§ Task to complete
Word for word, write out the entries that follow, omitting all pictures.

§ Record excerpts

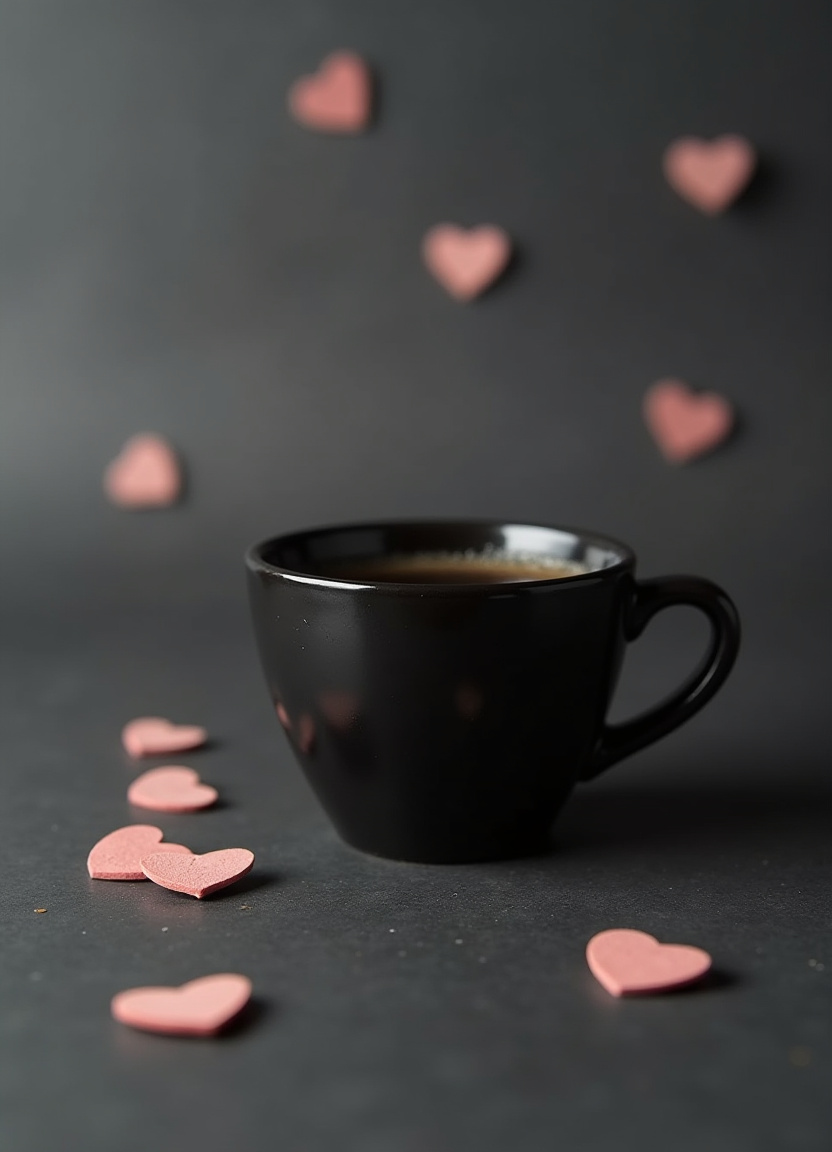 A black cup filled with coffee sits on a dark surface, scattered pink heart shapes create a romantic atmosphere.
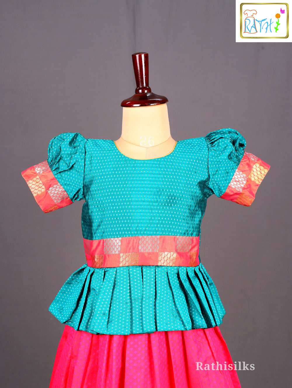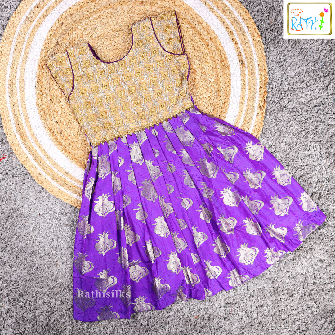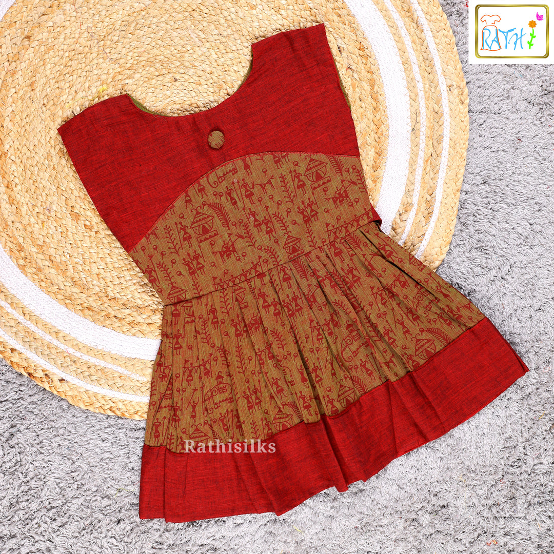 Elegant Brown & Maroon Mangalagiri Cotton Short Frock
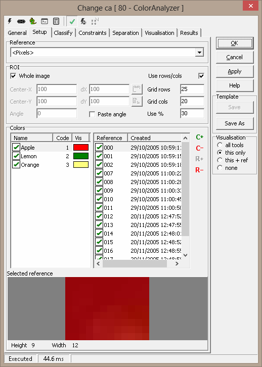 These results can be used to spot outliers in a color group. If the mid separation in dB falls below the Mid color separation warning threshold, and the min separation below the Closest separation warning threshold, the checkmark in front of the color name turns red. You can spot the outlier reference under the Setup page as well, where both the color and the reference will be marked in red.
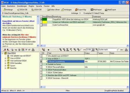 Organisieren Sie Ihr Wissen und Informationen auf einfache, schnelle und höchst flexible Weise. Genau gemäß Ihren Bedürfnissen. Während der täglichen Arbeit. Sparen Sie sich eine Menge Zeit und Arbeit. IDEA! ist weder an eine spezielle Branche noch an eine bestimmte Abteilung gebunden. Es organisiert beliebige Inhalte aus unterschiedlichsten Quellen. Ein einziger Bildschirm macht alles sofort greifbar. Für Einzelanwender und Gruppen.
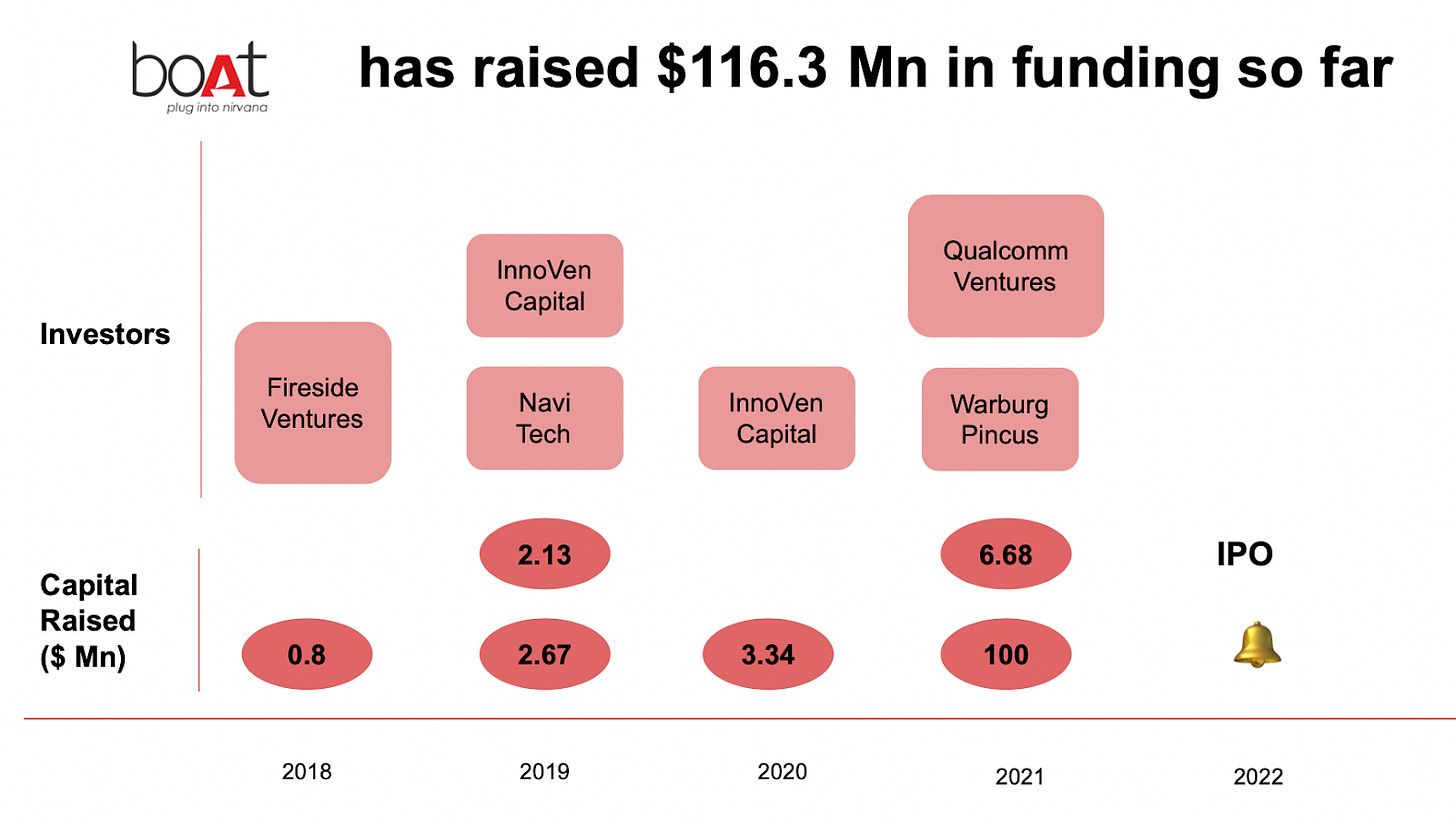 boAt has been on a shopping spree to expand its offerings. They acquired Delhi-based competitor Tagg Digital (2021) and Singapore-based smart wearables IoT start-up Clove IoT (2022). These will enhance the development of boAt’s products.
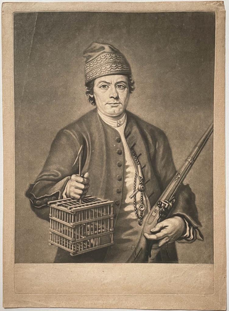 | Bijzonderheden: | A man shown three-quarters length standing directed slightly to right, looking towards the viewer, holding a shotgun against his hip and a bird cage in his right hand, wearing a plain coat open, with a chain of small bells and whistles hanging fro... |
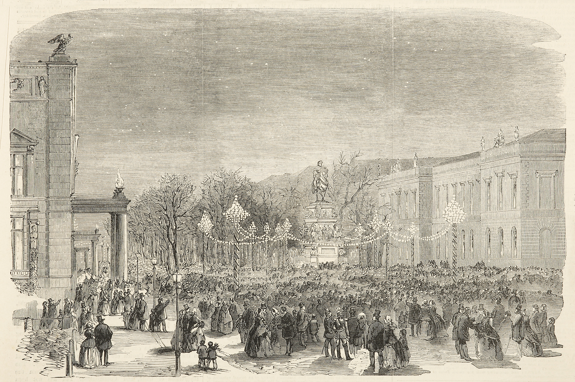A street scene of people gathered to honouring the unveiling of the statue of King Frederick II of Prussia.

§ Exercise output
 A black cup filled with coffee sits on a dark surface, scattered pink heart shapes create a romantic atmosphere.
 Elegant Brown & Maroon Mangalagiri Cotton Short Frock
 These results can be used to spot outliers in a color group. If the mid separation in dB falls below the Mid color separation warning threshold, and the min separation below the Closest separation warning threshold, the checkmark in front of the color name turns red. You can spot the outlier reference under the Setup page as well, where both the color and the reference will be marked in red.
 Organisieren Sie Ihr Wissen und Informationen auf einfache, schnelle und höchst flexible Weise. Genau gemäß Ihren Bedürfnissen. Während der täglichen Arbeit. Sparen Sie sich eine Menge Zeit und Arbeit. IDEA! ist weder an eine spezielle Branche noch an eine bestimmte Abteilung gebunden. Es organisiert beliebige Inhalte aus unterschiedlichsten Quellen. Ein einziger Bildschirm macht alles sofort greifbar. Für Einzelanwender und Gruppen.
 boAt has been on a shopping spree to expand its offerings. They acquired Delhi-based competitor Tagg Digital (2021) and Singapore-based smart wearables IoT start-up Clove IoT (2022). These will enhance the development of boAt’s products.
 | Bijzonderheden: | A man shown three-quarters length standing directed slightly to right, looking towards the viewer, holding a shotgun against his hip and a bird cage in his right hand, wearing a plain coat open, with a chain of small bells and whistles hanging fro... |
A street scene of people gathered to honouring the unveiling of the statue of King Frederick II of Prussia.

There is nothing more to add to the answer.